Exceptions and Interrupts
The Cortex-M3 supports handling exceptions and interrupts from both Thumb and ARM states uniformly. Key aspects are:
- Return stacks push appropriate LR and LR_abt registers.
- Stack frame adjusts to correct instruction set state.
- IRQ and fault handlers can be written in either Thumb or ARM.
- SVCall exception handling is identical between the two states.
This enables mixing Thumb and ARM exception handlers seamlessly. ARM exception handlers can shorten interrupt latency. While most handlers can use Thumb code for reduced size.
Debugging Thumb and ARM Code
Debugging Cortex-M3 code containing both Thumb and ARM requires debuggers that support both states. Key debugging considerations are:
- Ensure debugger handles register, stack and memory correctly per ISA state.
- Debugger must track transition between Thumb and ARM code.
- Support for setting breakpoint on Thumb-ARM boundaries.
- Single stepping must account for state transition.
ARM Development Studio, Keil MDK and OpenOCD debugger support joint Thumb-2 and ARM debugging. Debug configuration needs to enable intermixing and dual-state debugging support.
Tools and Compiler Support
Most ARM compilers support generating both Thumb and ARM code for Cortex-M3:
- GCC – Supports intermixing via inline assembly and intrinsics.
- ARM Compiler – Automatically intermixes based on code efficiency.

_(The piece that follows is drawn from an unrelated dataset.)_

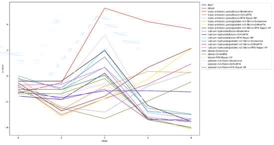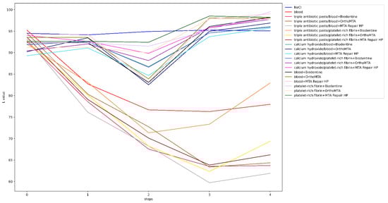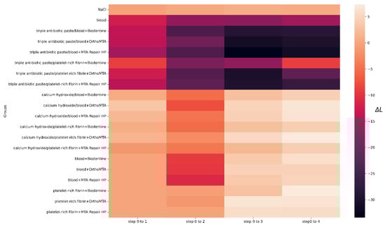 In the third and fourth steps of this study, the colour of the teeth was evaluated 1 week after the application of the bleaching material, which was applied twice. A 15% carbamide peroxide gel was selected for the study, which releases 5.25% hydrogen peroxide and urea [] and is in line with the General Dental Council’s Position Statement on Tooth Whitening [], assuming that regenerative techniques are most often conducted in children. Compared with other bleaching agents, carbamide peroxide is less cytotoxic to human dental pulp stem cells []. In the qualitative analysis, most of the teeth were defined as lightness level 0 in steps 3 and 4. Additionally, there were samples with lightness level 5 in step 1 (after disinfectant paste application), and their number increased in the following steps. Comparing steps 3 and 4 to step 0, in which most of the teeth were defined as lightness level 1, the authors concluded that after the first and second whitening procedures, the teeth did not return to their original colour. Most of the samples whitened too intensely, while some darkened. When analysing individual colour components, such as L, a, and b (Figure 6, Figure 7 and Figure 8), it was noticed that in the groups with triple antibiotic paste, the values of L and b decreased, whereas the value of a increased, which may mean that after the second whitening procedure, the teeth became darker, redder, and less yellow than the original colour. Based on a comparison of the brightness of the teeth colour before treatment and after the second whitening procedure, we concluded that in the groups with calcium hydroxide and single-visit regenerative endodontic procedures groups, the teeth became brighter, whereas in the triple antibiotic paste groups, the teeth became darker (Figure 5 and Figure 6). The results for the single-visit regenerative endodontic procedures groups were in line with those of Khedmat et al.’s study [], which showed that the ΔL value increased after the second bleaching session in specimens in which blood and OrthoMTA were applied. The difference between the studies was the concentration of the bleaching agent, as Khedmat et al. [] used 37% carbamide peroxide. The authors did not notice any visible (ΔE < 3.3) or statistically significant (p > 0.005) differences in the colour change in the tooth crown for any of the groups where calcium hydroxide was used, including group 20, between the first and second whitening procedure, which may mean that one whitening session is sufficient with this combination. In the remaining single-visit regenerative endodontic procedures groups, ΔE between steps 0 and 3 and steps 0 and 4 increased, suggesting an unfavourable whitening effect by increasing the colour change from the original colour.
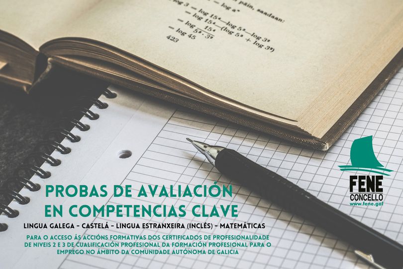 O Servizo de Orientación laboral do Concello de Fene informa sobre as PROBAS DE AVALIACIÓN EN COMPETENCIAS CLAVE para acceder aos certificados de profesionalidade de nivel 2 e 3

- IAR – Allows mixing Thumb with ARM functions.
- Keil MDK – Intermixing done manually or automatically.
Compiler optimizations like inlining and loop unrolling also help reduce the Thumb performance gap by generating more efficient code. Enabling these tends to improve Thumb code significantly.
Summary
For Cortex-M3, Thumb code provides better code density while ARM can provide higher performance. Intermixing Thumb and ARM allows balancing these factors effectively for a given application based on its requirements, algorithms and performance metrics. ARM instructions are recommended for code segments involving extensive processing or data access. Thumb works best for control functions, I/O routines and exception handlers. Utilizing compilers and tools that support intermixing makes the dual instruction sets easy to use together in Cortex-M3.